School District Regionalization: Innovation and Results

By Anita Murphy

This is part of a multi-part series examining school district regionalization in New York State. Read the full series below:

In an era where educational challenges are increasingly complex and interconnected, collaboration between school districts and their local Boards of Cooperative Educational Services (BOCES) has emerged as a powerful strategy for driving systemic improvement. The Rockefeller Institute of Government’s earlier blog described how small, sparsely populated, and rural districts could pursue regionalization strategies as a means to improve academic opportunities for students and save costs for local residents. Across New York State, regional initiatives are demonstrating how a shared vision, pooled resources, and strategic cooperation can create innovative and meaningful improvements for school districts, their staff, and their students.

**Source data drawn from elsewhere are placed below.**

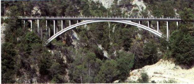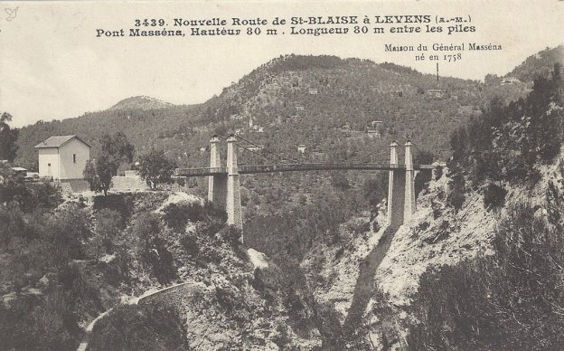 242T66 comments about the Masséna suspension bridge at Saint Blaise: “it dates from 1911 and was destroyed by bombing in 1944. Since 1953 it is replaced by a concrete bridge with a large arch. Given that an itinerary had been planned to pass the tram through Aspremont, Castagniers and St Blaise, which would have served a larger population but at the cost of a longer and more expensive line than that of the valley, it is possible to think that the road from St Blaise to Levens and the suspension bridge had been made with the idea of being able to pass the tram.”[3]
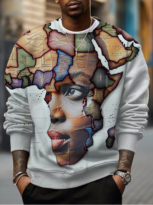 Men's Vintage Africa Map Art Print Casual Sweatshirt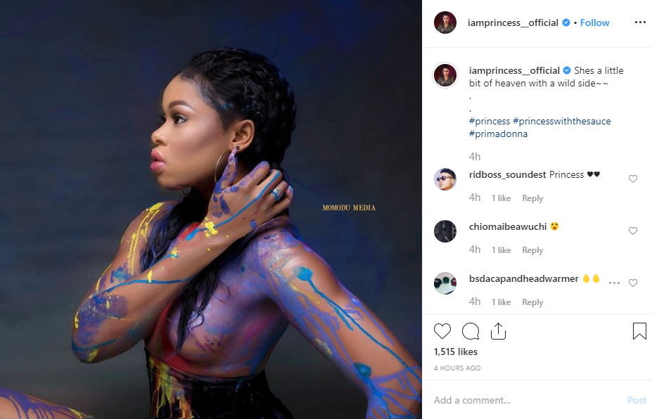 Big Brother Naija 2018 housemate, Princess served a racy photo in which she was covered with body paint on Instagram.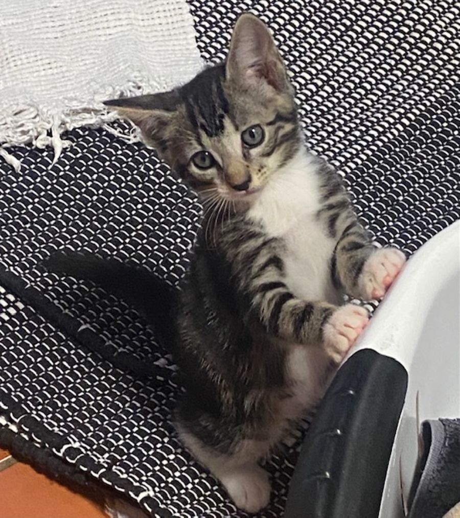 He has great fun with his brothers and sisters who are also up for adoption and has a special bond with little Rosie. His favourite things are playing chasey, eating, having cuddles and playing in the cat tree.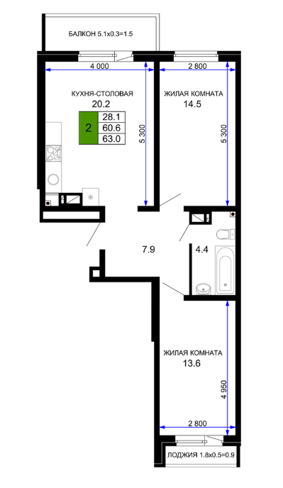 Продается 2-х комн. новостройка, 63 кв.м., 11/16 эт

Examples of more recent and emerging regional approaches in three key educational areas—leadership development, literacy instruction, and operational efficiency—can help lend insight into the potential of school district regionalization efforts. While they represent newer initiatives, they illustrate the types of efforts whose impacts should be carefully studied to understand how shared resources and collaborations can best be leveraged to the benefit of students, staff, school leadership, and communities.

Leadership Development

In the Capital Region, the Urban Superintendents’ Leadership Academy—facilitated by ILO Group—is an innovative example of cross-district collaboration. With services first beginning in May 2025, this partnership between the Albany and Schenectady school districts aims to strengthen the educational leadership pipeline through a shared, multitiered professional development model. By investing collectively in the training and coaching of aspiring and early-career teachers, schools, and district leaders, the initiative aims to not only address challenges like leadership turnover but also to build regional capacity for instructional innovation, including the integration of emerging technologies such as artificial intelligence. Rather than a generic solution, the academy provides targeted, hands-on training that reflects the unique needs of the local city school districts and of each leadership role, all supported by interdistrict resources. The program is designed to produce measurable outcomes of the district’s vision to grow excellent academic and administrative leaders, with the aim of developing a model worthy of replication across the state.

Literacy Instruction

Meanwhile, in the North Country, St. Lawrence-Lewis BOCES is demonstrating how cooperative leadership can transform literacy instruction across its 18 component districts. By partnering with SUNY New Paltz to offer a Science of Reading Fundamentals microcredential, BOCES is in the midst of a multiyear professional development effort to train and empower educators in multiple districts on how best to adopt research-based literacy instructional approaches, aligning the approach with the New York State Education Department’s statewide Literacy Initiative. Through shared professional development programming, access to expert-led sessions, and curated curriculum evaluation tools, the region is replacing outdated instructional methods with evidence-based practices that are designed to achieve better and more equitable literacy outcomes for all students.

Operational Efficiency

Operational collaboration can also help reduce bureaucracy, administrative delays, and costs for school districts. The Wayne-Finger Lakes BOCES Central Business Office (CBO) exemplifies how shared services can enhance efficiency and reliability. By centralizing key financial functions such as payroll, accounts payable, and benefits administration across the BOCES’s 25-member school districts, the CBO allows districts to reduce administrative burdens and redirect efforts, focus, and resources toward their core mission: educating students. Participating districts benefit from cost savings, expert and expanded financial support from centralized staff, and strong and more consistent internal controls and compliance, all while improving service delivery. Early estimates of cost savings for the region’s school districts (combined) range from $180,000 per year under very conservative assumptions to a more realistic $500,000 or more annually.1 Maybe more significantly, centralizing staff has allowed the BOCES to employ highly qualified, certified, and degreed experts as treasurers and accountants, positions that many smaller school districts have difficulty filling on their own. When individual districts experience extended vacancies or absences in these positions, the stability and integrity of financial services can become jeopardized; by centralizing staff in the regional BOCES’s CBO with a few treasurers and auditors, critical financial functions are always covered by others in the event of an absence.2 Additionally, because BOCES is independent of its districts, the segregation of duties required by financial audits naturally occurs, a practice that is very difficult for small districts with a limited number of business office staff to maintain.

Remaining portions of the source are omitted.